▶ About this exercise
Below is a set of records; reproduce them exactly without their pictures.

▶ Provided records
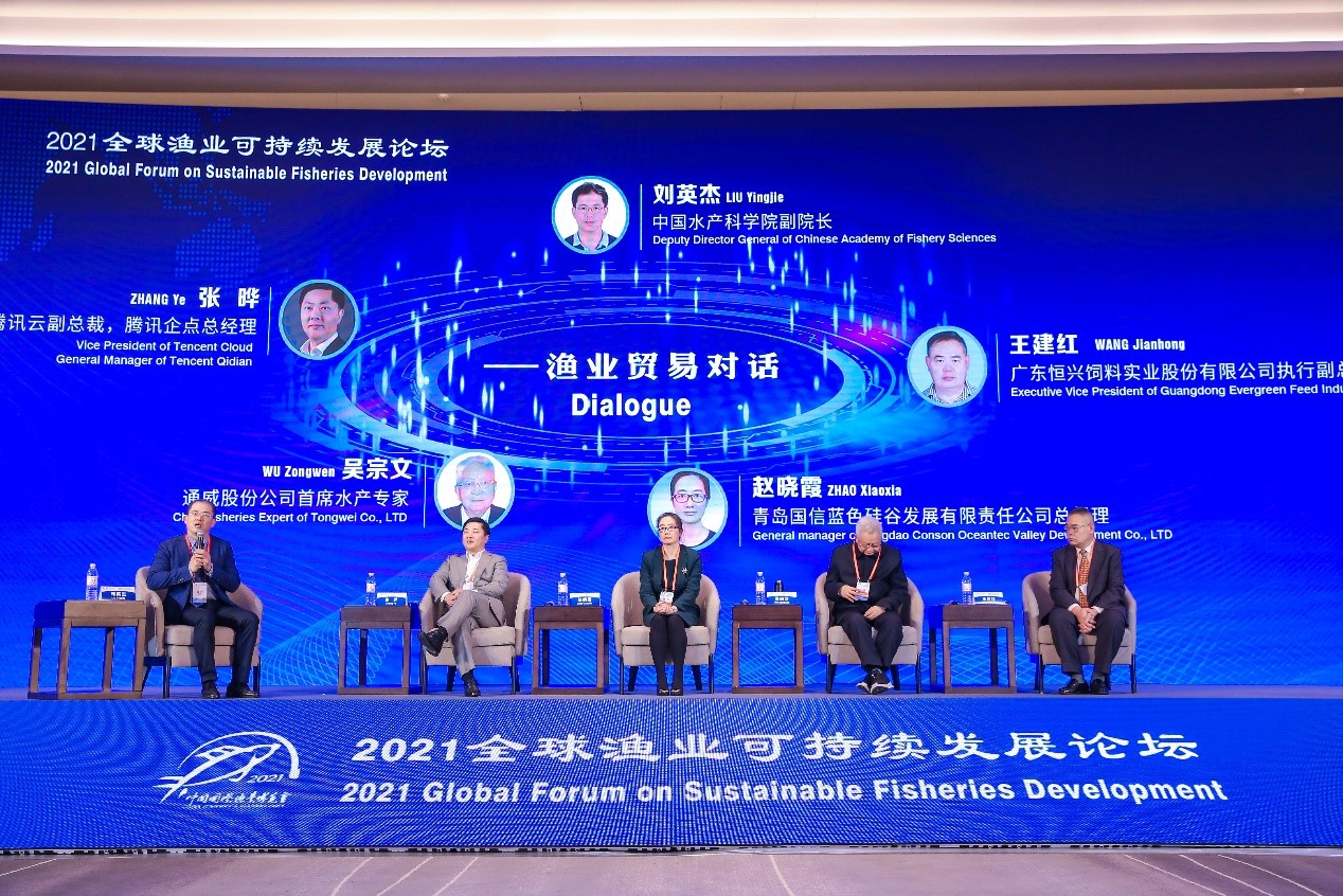 水產(chǎn)貿(mào)易對(duì)話環(huán)節(jié)由中國(guó)水產(chǎn)科學(xué)研究院副院長(zhǎng)劉英杰主持,騰訊云副總裁、騰訊企點(diǎn)總經(jīng)理張曄,青島國(guó)信藍(lán)色硅谷發(fā)展有限責(zé)任公司總經(jīng)理趙曉霞,廣東恒興集團(tuán)有限公司副總裁王建紅,通威股份公司首席水產(chǎn)專家吳宗文等企業(yè)家圓桌對(duì)話,就新形勢(shì)下全球水產(chǎn)品貿(mào)易形式特點(diǎn)、存在的問(wèn)題與產(chǎn)業(yè)展望進(jìn)行經(jīng)驗(yàn)分享,從數(shù)字化助力產(chǎn)業(yè)轉(zhuǎn)型升級(jí)、突破性工船養(yǎng)殖引領(lǐng)生產(chǎn)、智能“漁光一體”園區(qū)模式創(chuàng)新、承建產(chǎn)業(yè)園區(qū)拓展海外市場(chǎng)等研、產(chǎn)、銷多方面為水產(chǎn)業(yè)實(shí)現(xiàn)多功能、多效應(yīng)的現(xiàn)代化轉(zhuǎn)型升級(jí)貢獻(xiàn)思路和方案。
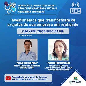 O Conselho Federal de Economia fará mais uma live do ciclo “Inovação e Competitividade: Órgãos de apoio para micro e pequenas empresas” no dia 13 de abril, terça-feira às 17h (horário de Brasília). Dessa vez, o foco está nos investimentos que possuem o potencial de transformar os projetos das empresas em realidade.
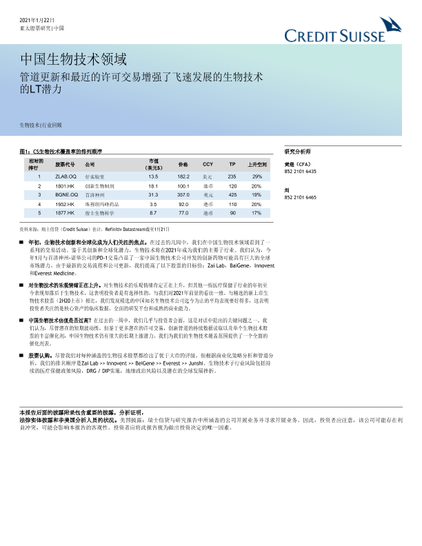 【瑞信】【2021】中国生物科技行业:近期的许可证交易突出了高科技生物技术的长期潜力-35页
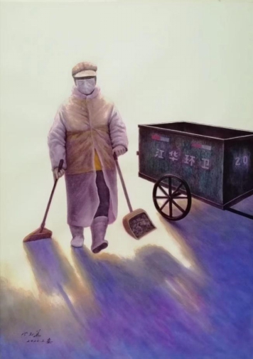疫情當(dāng)前的一個(gè)早晨,正在清潔打掃的環(huán)衛(wèi)工人堅(jiān)守在普通的勞動(dòng)崗位。畫(huà)家平實(shí)而細(xì)致地描繪了這個(gè)場(chǎng)景。
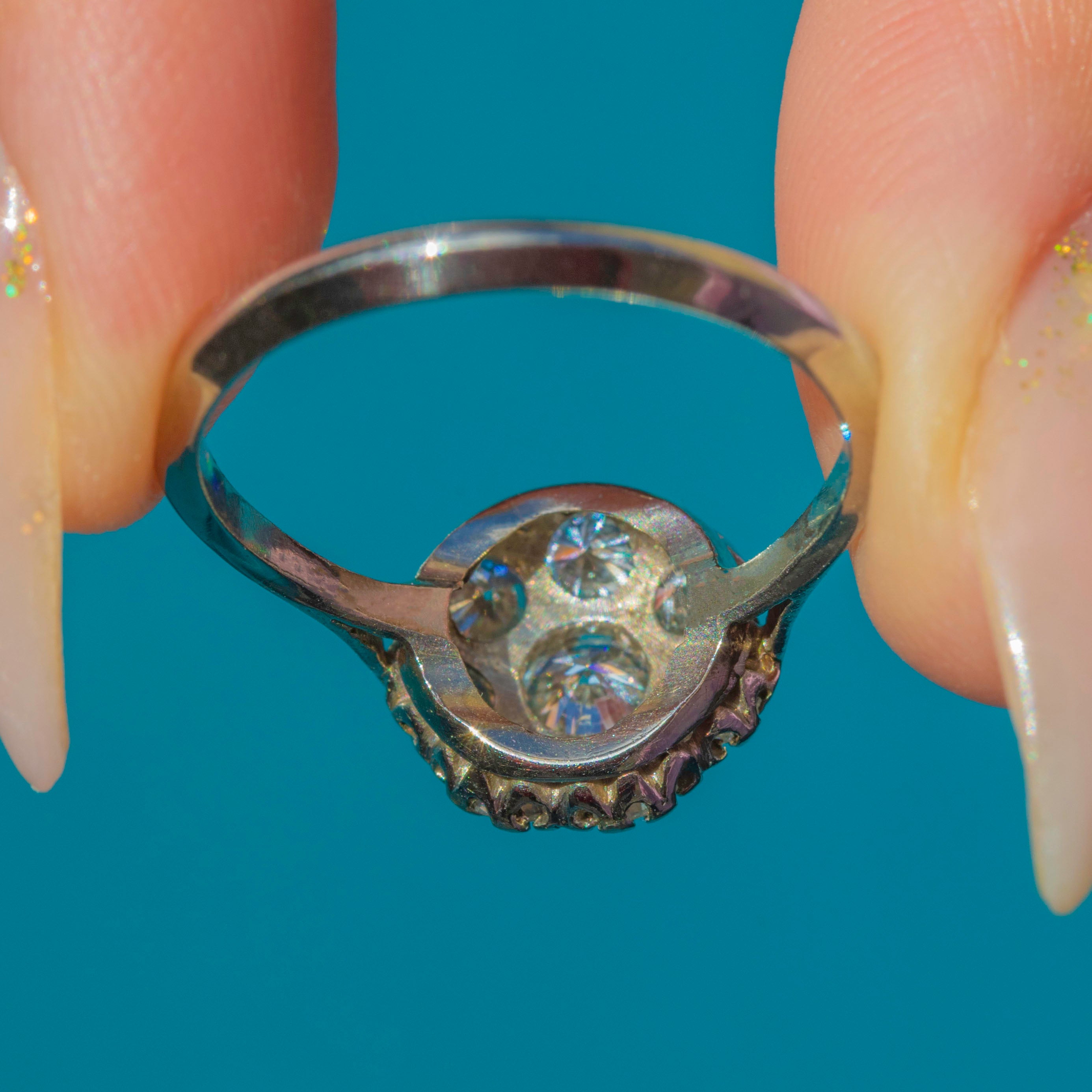This dazzling Art Deco cluster ring is crafted in 14ct White Gold with a Platinum shank, set with a lively 1.05ct of bright Diamonds. The central 4.5mm stone is encircled by a halo of seven 3mm Diamonds, forming a radiant flower-like cluster with beautiful sparkle and symmetry. The knife-edge shank enhances the ring’s bold yet refined design.
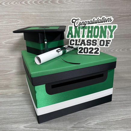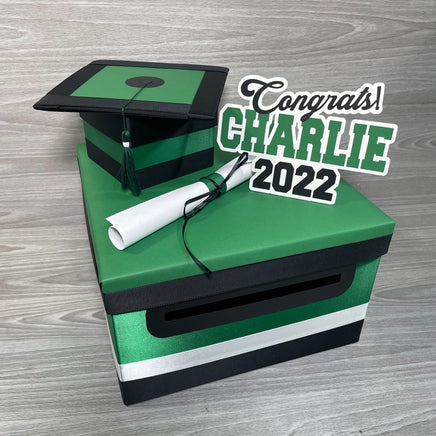 Kelly green, black, and white card box for a graduation party. This box is 10x10x6" with a mini box on top in the style of a graduation cap. It also includes a topper with the name and graduation year of your graduate as well as a mock diploma. The full size is 10x10x9.5". Many colors to choose from to match your school of choice. Please consider the size of this box and the needs of your party. To avoid mistakes and misunderstandings, please read listing carefully. If something is not clear, please contact me with any questions.
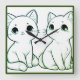 El reloj de pared cuadrado de la hoja de Matcha es un reloj encantador y minimalista. Tiene forma cuadrada con un borde verde que recuerda el color de las hojas de té matcha. La cara del reloj está adornada con un ilustracion de dos gatos adorables y estilizados uno al lado del otro. Un gato está mirando directamente, mientras que el otro parece estar guiñando un ojo o parpadeando, añadiendo un toque juguetón al diseño. Los gatos son blancos con un sutil matiz matcha, y sus grandes ojos expresivos, junto con sus narices matcha, le dan un encanto especial. Las manos del reloj son negras y se colocan a los diez minutos de las diez. La ausencia de números o marcadores de hora en la cara del reloj pone de relieve su diseño minimalista y decorativo. Este reloj sería una deliciosa adición a cualquier habitación, sobre todo para aquellos que aprecian diseños lindos y simplistas y el relajante color de la matcha.
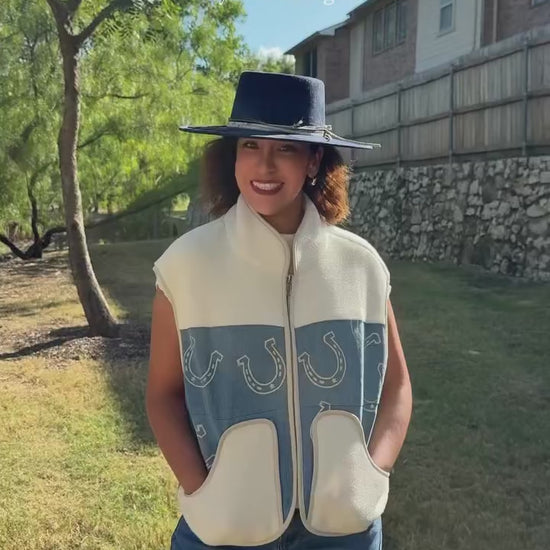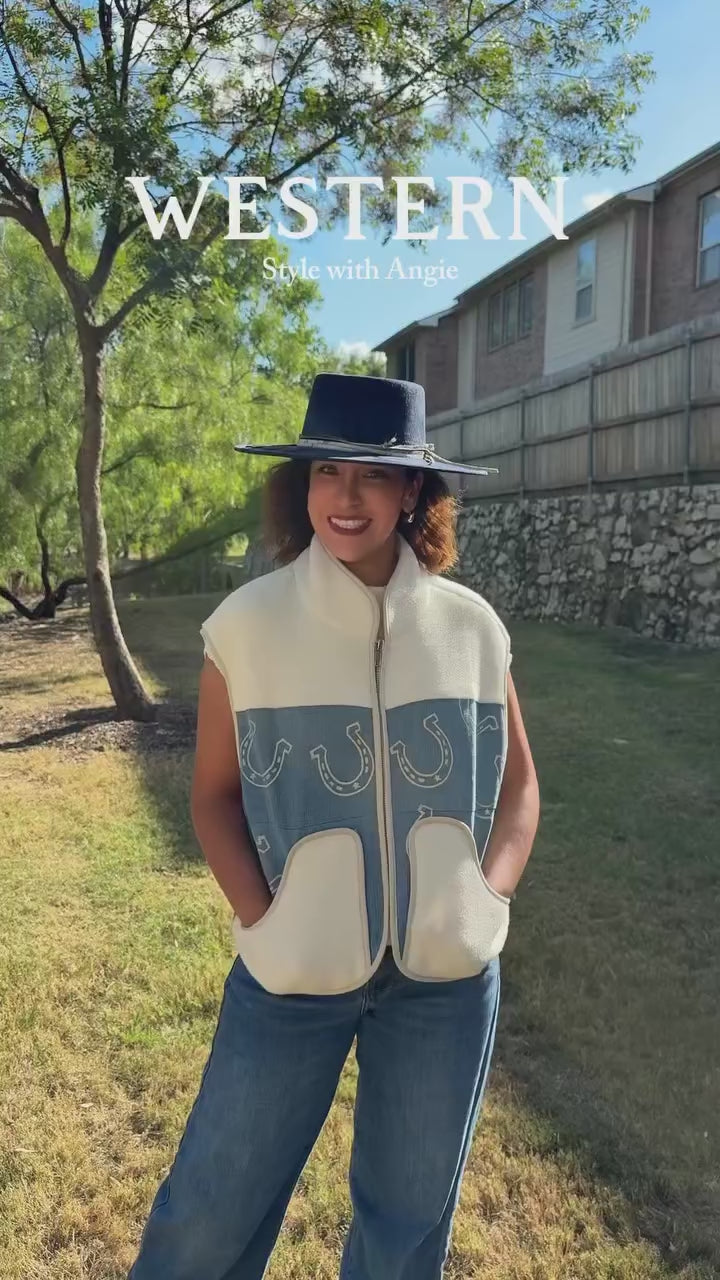 * Western warmth with a touch of denim. This cozy sherpa vest features denim panels with a lucky horseshoe print and a full zip closure.
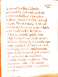 The score for Modest Epoch (9AM 11/19 – 9PM 11/21) begins in solitude at 9AM, ending at 9 PM two days later. It maintains an uninterrupted presence in the gallery, bringing the daily tasks of living, boredom, eating and sleeping into the total performance experience. It is an experiment in understanding how we live inside of ideas. It is a reconciliation with time. It is a measuring of inner and outer landscapes. It is a conversation between the material and the ephemeral.
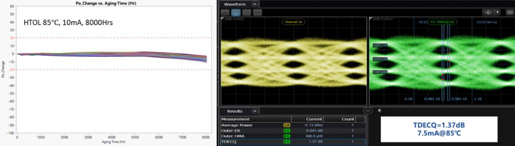 華辰芯光 50G PAM4 VCSEL 光芯片產(chǎn)品可靠性和模塊眼圖特性
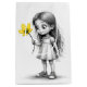 Un croquis d'une jeune fille aux cheveux longs tenant une fleur jaune tout en la regardant avec une merveille aux yeux larges sur le blanc. Le texte peut être modifié.
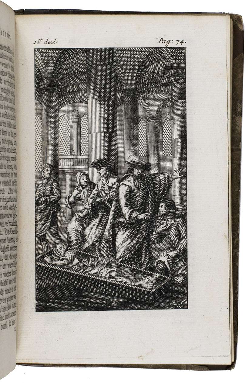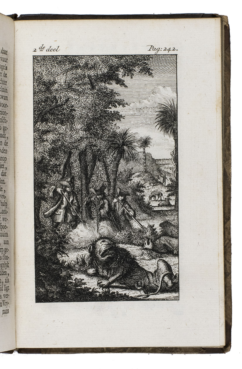 Amsterdam, S. van Esveldt 1755, 2 volumes. With a frontispiece by J. C. Philips and 7 full-page engraved plates. Contemporary gilt half-calf, dark brown moroccan letterpiece to spine. [12], 267, [1]; [4], 308 pp.

▶ Output
 水產(chǎn)貿(mào)易對(duì)話環(huán)節(jié)由中國(guó)水產(chǎn)科學(xué)研究院副院長(zhǎng)劉英杰主持,騰訊云副總裁、騰訊企點(diǎn)總經(jīng)理張曄,青島國(guó)信藍(lán)色硅谷發(fā)展有限責(zé)任公司總經(jīng)理趙曉霞,廣東恒興集團(tuán)有限公司副總裁王建紅,通威股份公司首席水產(chǎn)專家吳宗文等企業(yè)家圓桌對(duì)話,就新形勢(shì)下全球水產(chǎn)品貿(mào)易形式特點(diǎn)、存在的問(wèn)題與產(chǎn)業(yè)展望進(jìn)行經(jīng)驗(yàn)分享,從數(shù)字化助力產(chǎn)業(yè)轉(zhuǎn)型升級(jí)、突破性工船養(yǎng)殖引領(lǐng)生產(chǎn)、智能“漁光一體”園區(qū)模式創(chuàng)新、承建產(chǎn)業(yè)園區(qū)拓展海外市場(chǎng)等研、產(chǎn)、銷多方面為水產(chǎn)業(yè)實(shí)現(xiàn)多功能、多效應(yīng)的現(xiàn)代化轉(zhuǎn)型升級(jí)貢獻(xiàn)思路和方案。
 O Conselho Federal de Economia fará mais uma live do ciclo “Inovação e Competitividade: Órgãos de apoio para micro e pequenas empresas” no dia 13 de abril, terça-feira às 17h (horário de Brasília). Dessa vez, o foco está nos investimentos que possuem o potencial de transformar os projetos das empresas em realidade.
 【瑞信】【2021】中国生物科技行业:近期的许可证交易突出了高科技生物技术的长期潜力-35页
疫情當(dāng)前的一個(gè)早晨,正在清潔打掃的環(huán)衛(wèi)工人堅(jiān)守在普通的勞動(dòng)崗位。畫(huà)家平實(shí)而細(xì)致地描繪了這個(gè)場(chǎng)景。
This dazzling Art Deco cluster ring is crafted in 14ct White Gold with a Platinum shank, set with a lively 1.05ct of bright Diamonds. The central 4.5mm stone is encircled by a halo of seven 3mm Diamonds, forming a radiant flower-like cluster with beautiful sparkle and symmetry. The knife-edge shank enhances the ring’s bold yet refined design.
 Kelly green, black, and white card box for a graduation party. This box is 10x10x6" with a mini box on top in the style of a graduation cap. It also includes a topper with the name and graduation year of your graduate as well as a mock diploma. The full size is 10x10x9.5". Many colors to choose from to match your school of choice. Please consider the size of this box and the needs of your party. To avoid mistakes and misunderstandings, please read listing carefully. If something is not clear, please contact me with any questions.
 El reloj de pared cuadrado de la hoja de Matcha es un reloj encantador y minimalista. Tiene forma cuadrada con un borde verde que recuerda el color de las hojas de té matcha. La cara del reloj está adornada con un ilustracion de dos gatos adorables y estilizados uno al lado del otro. Un gato está mirando directamente, mientras que el otro parece estar guiñando un ojo o parpadeando, añadiendo un toque juguetón al diseño. Los gatos son blancos con un sutil matiz matcha, y sus grandes ojos expresivos, junto con sus narices matcha, le dan un encanto especial. Las manos del reloj son negras y se colocan a los diez minutos de las diez. La ausencia de números o marcadores de hora en la cara del reloj pone de relieve su diseño minimalista y decorativo. Este reloj sería una deliciosa adición a cualquier habitación, sobre todo para aquellos que aprecian diseños lindos y simplistas y el relajante color de la matcha.
 * Western warmth with a touch of denim. This cozy sherpa vest features denim panels with a lucky horseshoe print and a full zip closure.
 The score for Modest Epoch (9AM 11/19 – 9PM 11/21) begins in solitude at 9AM, ending at 9 PM two days later. It maintains an uninterrupted presence in the gallery, bringing the daily tasks of living, boredom, eating and sleeping into the total performance experience. It is an experiment in understanding how we live inside of ideas. It is a reconciliation with time. It is a measuring of inner and outer landscapes. It is a conversation between the material and the ephemeral.
 華辰芯光 50G PAM4 VCSEL 光芯片產(chǎn)品可靠性和模塊眼圖特性
 Un croquis d'une jeune fille aux cheveux longs tenant une fleur jaune tout en la regardant avec une merveille aux yeux larges sur le blanc. Le texte peut être modifié.
 Amsterdam, S. van Esveldt 1755, 2 volumes. With a frontispiece by J. C. Philips and 7 full-page engraved plates. Contemporary gilt half-calf, dark brown moroccan letterpiece to spine. [12], 267, [1]; [4], 308 pp.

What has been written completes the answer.